Bernard Bulbwa

Personal information
- Full name: Bernard Tsumega Bulbwa
- Date of birth: 11 October 1996 (age 28)
- Place of birth: Nigeria
- Height: 1.66 m (5 ft 5 in)
- Position(s): Forward

Team information
- Current team: Ankaraspor

Youth career
- Mkar Rocks
- 2012–2015: Shuttle Sports Academy

Senior career*
- Years: Team / Apps / (Gls)
- 2015–2017: Espérance / 12 / (2)
- 2017–2018: Espérance B
- 2018–2019: Mouloudia Oujda / 3 / (0)
- 2019–2020: Dugopolje / 19 / (2)
- 2020–2021: Ankaraspor / 6 / (0)
- 2021: Al-Nahda

International career
- Nigeria U20

= Bernard Bulbwa =

Nigerian professional footballer

Bernard Tsumega Bulbwa (born 11 October 1996) is a Nigerian professional footballer who plays as a striker.
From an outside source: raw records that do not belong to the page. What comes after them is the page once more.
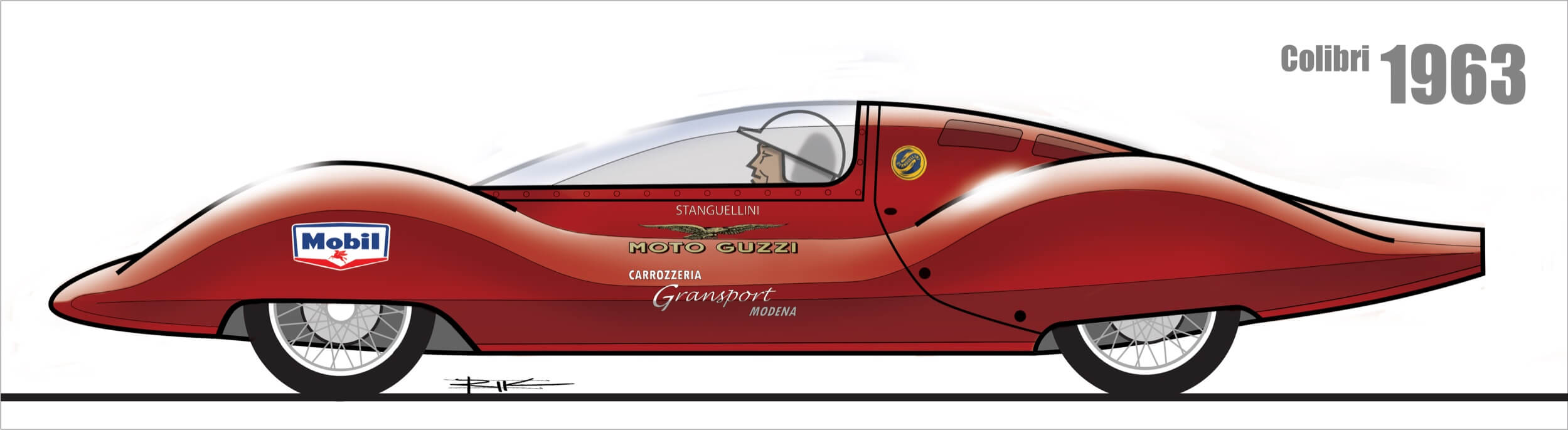 1963: The last generation of record cars is known as COLIBRI’. 'Stanguellini' is responsible for the tubular chassis, the aluminium body is manufactured by 'Vaccari-Baccrini-Carrozzeria Gransport' from Modena. The great Franco Scaglione ('father' of the '67 Alfa Romeo 33 Stradale!) is responsible for the design. Rumour has it that the intention was to put Guzzi's 500cc V8 in the car, but that doesn't seem likely. The records are taken with the 246.8 cc engine from the 1959 NIBBIO 2, which now delivers 29 hp to push a dry weight of 310 kg forward to a maximum speed of 180+ km/h. 5 new speed records are set at Monza. COLIBRI’ can be admired in 'Museo Stanguellini' in Modena.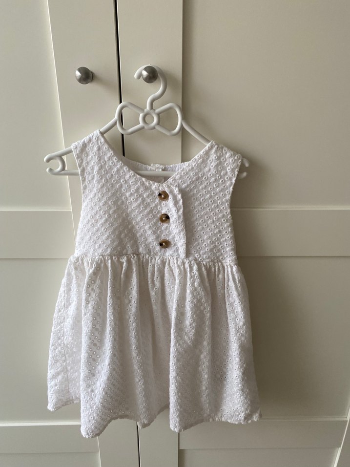 Kız Çocuk Beyaz Düğmeli Keten Elbise
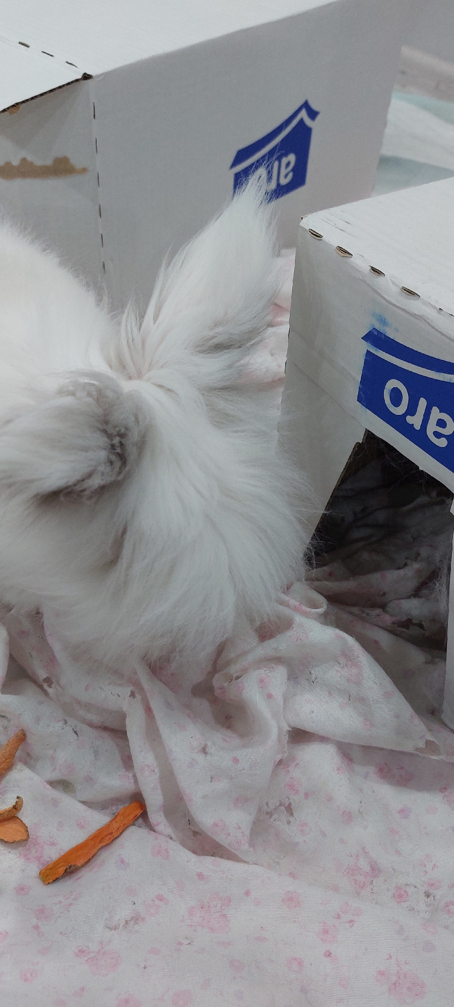 The image captures a fluffy white animal, likely a rabbit, resting within a makeshift enclosure. The animal's back and tail end are visible, covered in thick, soft white fur, with a slightly darker pa…read more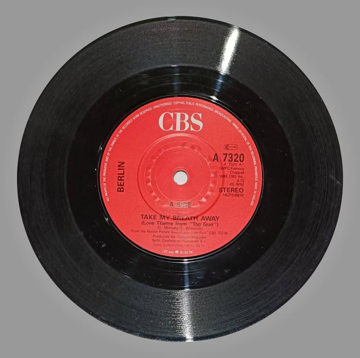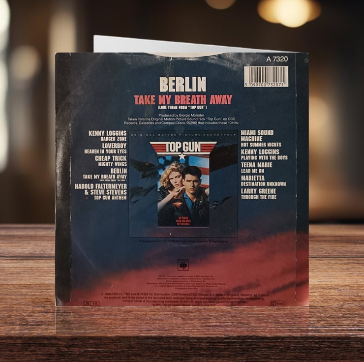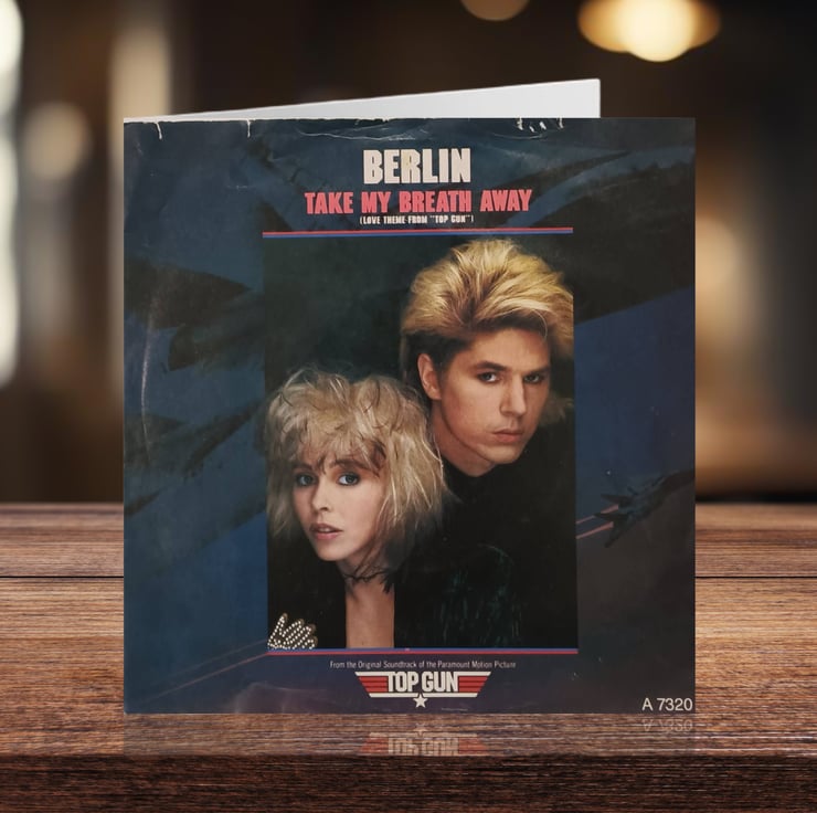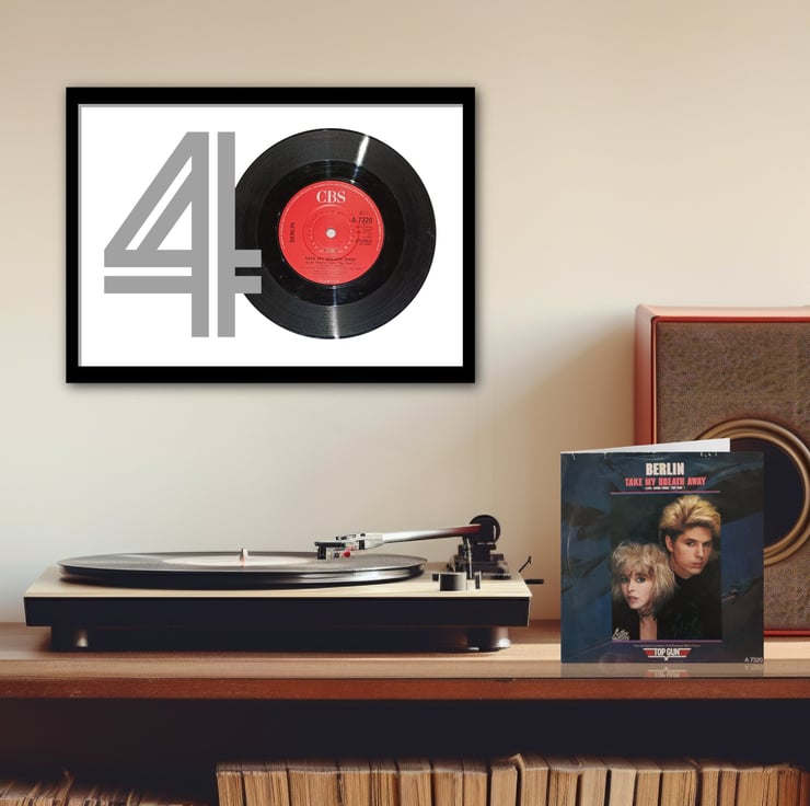 This piece features the UK No.1 single Take My Breath Away by Berlin, which topped the charts from 2nd to 29th November 1986. It makes a standout milestone gift for anyone turning 40, and it is especially perfect for fans of Top Gun, Berlin, or classic 80s pop.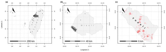 Study area of Yuanli Township, Miaoli County, Taiwan. (a) Taiwan map; (b) Miaoli county map; (c) Yuanli township map.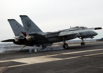 | Keywords: US Navy 050309-N-5832A-004 An F-14D Tomcat makes an arrested landing on the flight deck aboard the Nimitz-class aircraft carrier USS Theodore Roosevelt (CVN 71).jpg en Atlantic Ocean Mar 9 2005 - An F-14D Tomcat assigned to the Grim Reapers of Fighter Squadron 101 VF-101 makes an arrested landing on the flight deck aboard the Nimitz-class aircraft carrier USS Theodore Roosevelt CVN 71 VF-101 is the U S Navy's sole Fleet Replacement Squadron for the F-14 Tomcat training aircrew and maintenance personnel for the fleet The squadron trains pilots radar intercept officers and enlisted personnel in the operation and employment of the F-14 Tomcat fighter The Grim Reapers are currently embarked aboard Roosevelt participating in carrier qualifications in the Atlantic Ocean U S Navy photo by Photographer's Mate Airman Derek A Allen RELEASED 2005-03-09 050309-N-5832A-004 Navy http //www navy mil/view_image asp id 22599 U S Navy photo by Photographer's Mate Airman Derek A Allen PD-USGov-Military-Navy F-14D Tomcat on flight decks F-14 Tomcat aircraft carrier landings Fighter Squadron 101 United States Navy USS Theodore Roosevelt CVN-71 flight deck |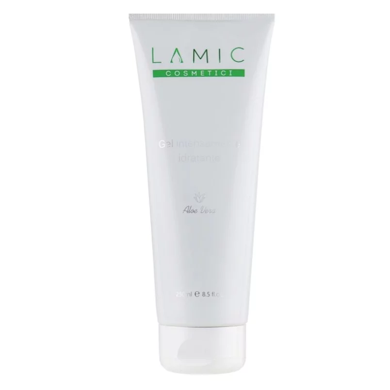 Зволожувальний гель «Lamic Gel intensamente idratante» з натуральним соком алое 98,7% для обличчя і тіла, пом’якшує шкірні покриви, зволожує, зупиняє запальні процеси, оновлює тургор сухої шкіри, стимулює обмінні процеси в шкірі.

==Early and personal life==
Bulbwa is the youngest of seven children.

==Club career==
After playing youth football for Mkar Rocks and Shuttle Sports Academy, Bulbwa signed a five-year contract with Tunisian club Espérance in April 2015. Earlier that month he had been linked with possible transfers to English clubs Stoke City and Manchester City, as well as clubs in Nigeria and Europe.

==International career==
Bulbwa has played for the Nigeria under-20 team, and scored the winner in the final of the 2015 African U-20 Championship. He was described as a "hero" due to his performance, and his goal was awarded "Best of the Tournament" by CAF. He was selected to the 2015 FIFA U-20 World Cup in May 2015.